- _Provided material_:

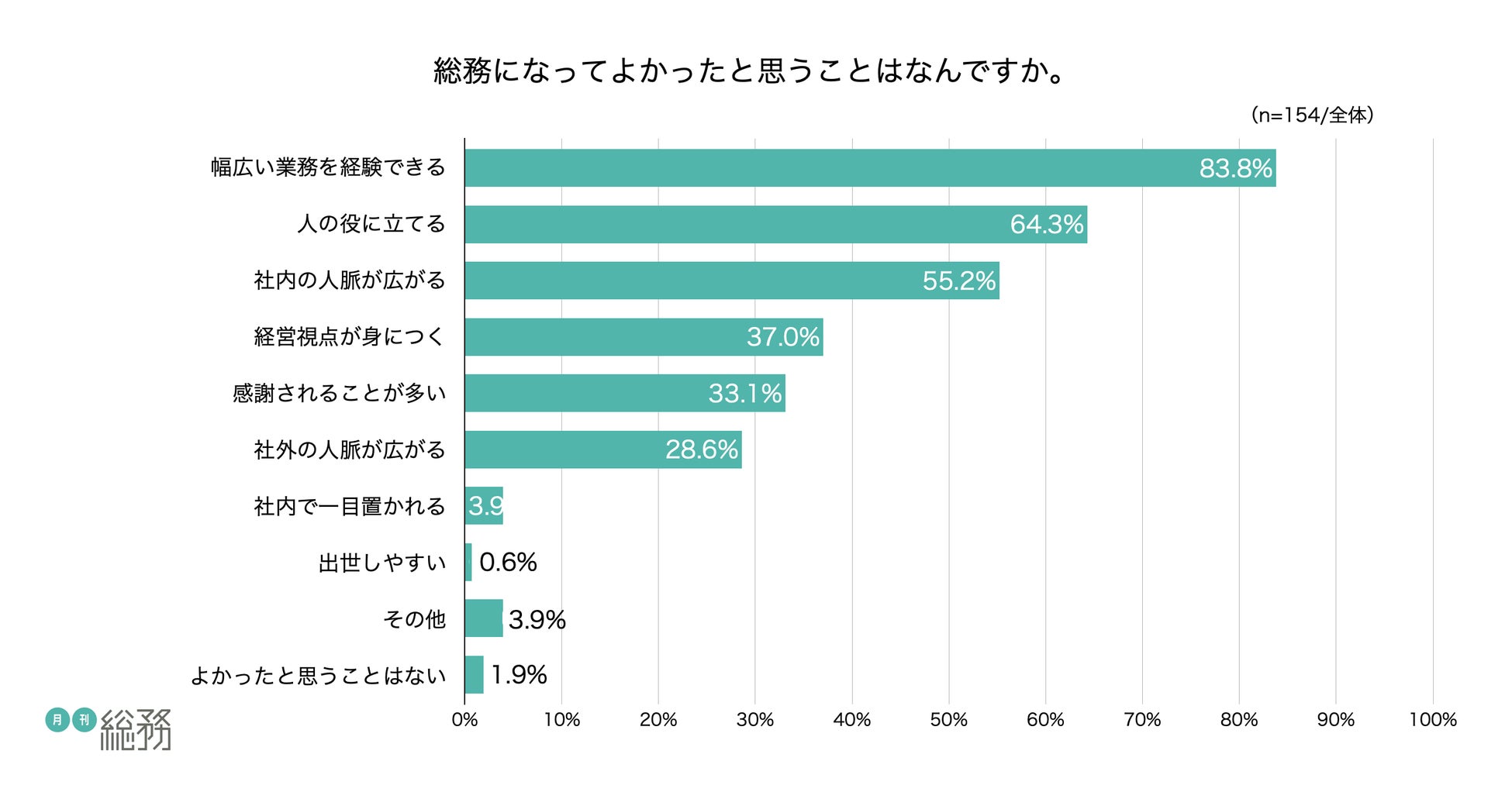 - 総務になってよかったこと1位「幅広い業務を経験できる」2位「人の役に立てる」3位「社内の人脈が広がる」
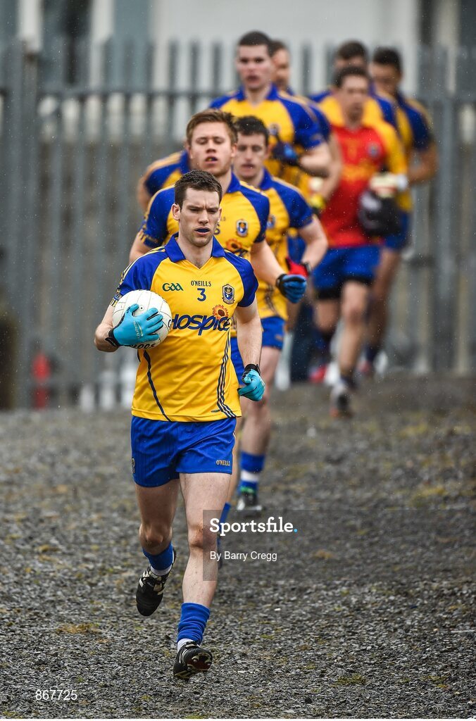 18 May 2014; Roscommon captain Niall Carty leads out his team to the pitch ahead of the game. Connacht GAA Football Senior Championship Quarter-Final, Roscommon v Leitrim, Dr. Hyde Park, Roscommon. Picture credit: Barry Cregg / SPORTSFILE
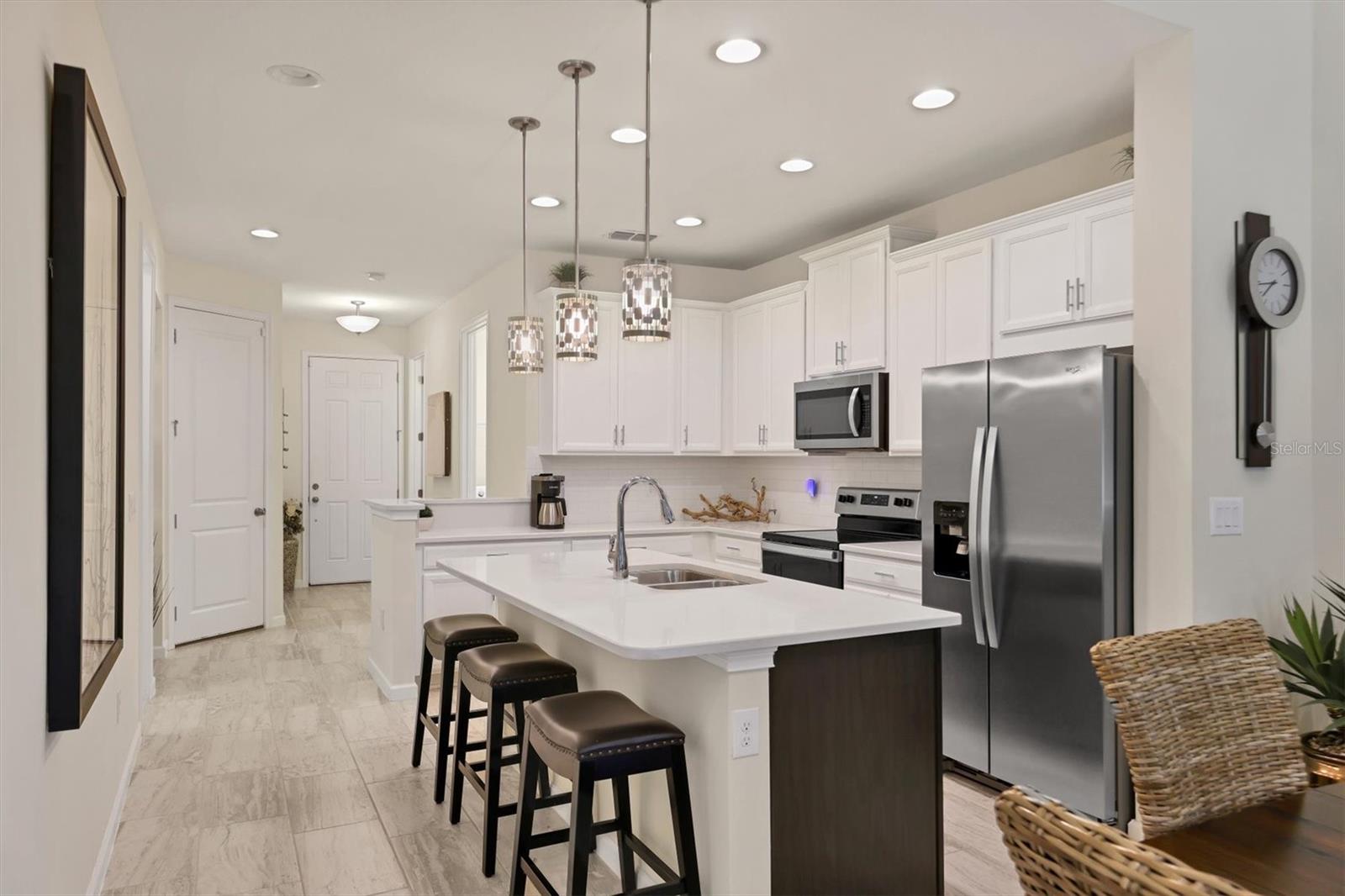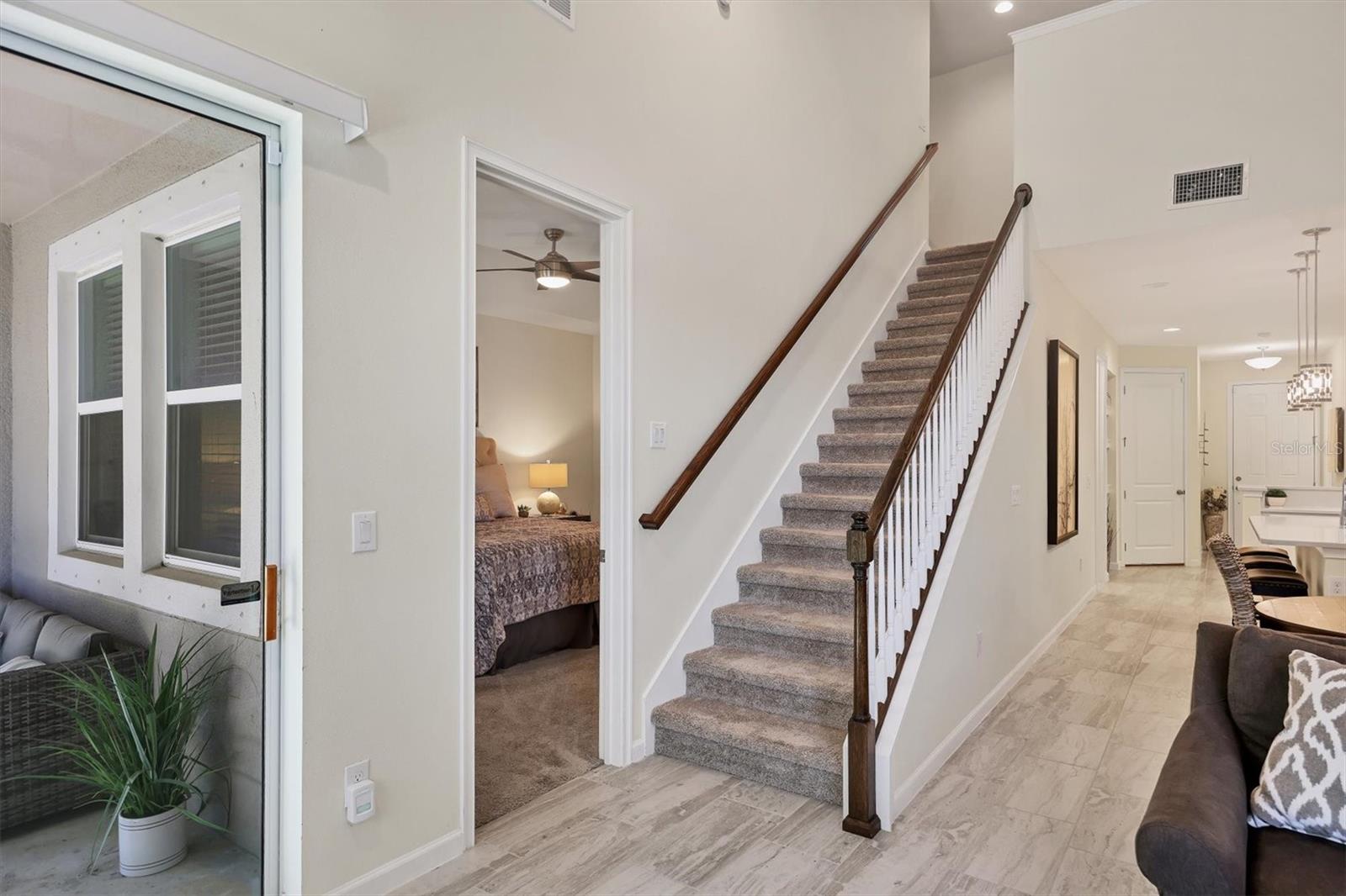 Spacious SANDBAR Floorplan with Pond and Wooded Views! This thoughtfully designed SANDBAR floorplan offers ample space for family living and entertaining. The primary bedroom, ensuite bath, and utility room are conveniently located downstairs, while the second floor features two additional bedrooms, a loft, and a bonus room (perfect for a playroom, home office, or media space). Notable Upgrades: The seller has added a beautiful glass insert to the front door, inviting natural light into the home, and enclosed the rear lanai to enhance outdoor living. With the exception of a few personal items and select artwork, the seller is open to selling the home fully furnished as shown. Community Highlights: Located in the highly desirable Harmony at Lakewood Ranch, this townhome provides access to top-rated schools and a calendar full of multi-generational community events. Enjoy resort-style amenities, including a pool, clubhouse, and fitness center, offering a maintenance-free, coastal-inspired lifestyle. Location and Lifestyle: Perfectly positioned with tranquil pond views and a private wooded backdrop, this home offers peace and serenity while being part of the vibrant Lakewood Ranch community. Don’t miss this opportunity to own a spacious, well-appointed townhome in one of the area’s most sought-after communities. Schedule your showing today!

- _Work item_: Could you return the entire listing above verbatim while dropping each picture?

- _Exercise response_:
 - 総務になってよかったこと1位「幅広い業務を経験できる」2位「人の役に立てる」3位「社内の人脈が広がる」
 18 May 2014; Roscommon captain Niall Carty leads out his team to the pitch ahead of the game. Connacht GAA Football Senior Championship Quarter-Final, Roscommon v Leitrim, Dr. Hyde Park, Roscommon. Picture credit: Barry Cregg / SPORTSFILE
 Spacious SANDBAR Floorplan with Pond and Wooded Views! This thoughtfully designed SANDBAR floorplan offers ample space for family living and entertaining. The primary bedroom, ensuite bath, and utility room are conveniently located downstairs, while the second floor features two additional bedrooms, a loft, and a bonus room (perfect for a playroom, home office, or media space). Notable Upgrades: The seller has added a beautiful glass insert to the front door, inviting natural light into the home, and enclosed the rear lanai to enhance outdoor living. With the exception of a few personal items and select artwork, the seller is open to selling the home fully furnished as shown. Community Highlights: Located in the highly desirable Harmony at Lakewood Ranch, this townhome provides access to top-rated schools and a calendar full of multi-generational community events. Enjoy resort-style amenities, including a pool, clubhouse, and fitness center, offering a maintenance-free, coastal-inspired lifestyle. Location and Lifestyle: Perfectly positioned with tranquil pond views and a private wooded backdrop, this home offers peace and serenity while being part of the vibrant Lakewood Ranch community. Don’t miss this opportunity to own a spacious, well-appointed townhome in one of the area’s most sought-after communities. Schedule your showing today!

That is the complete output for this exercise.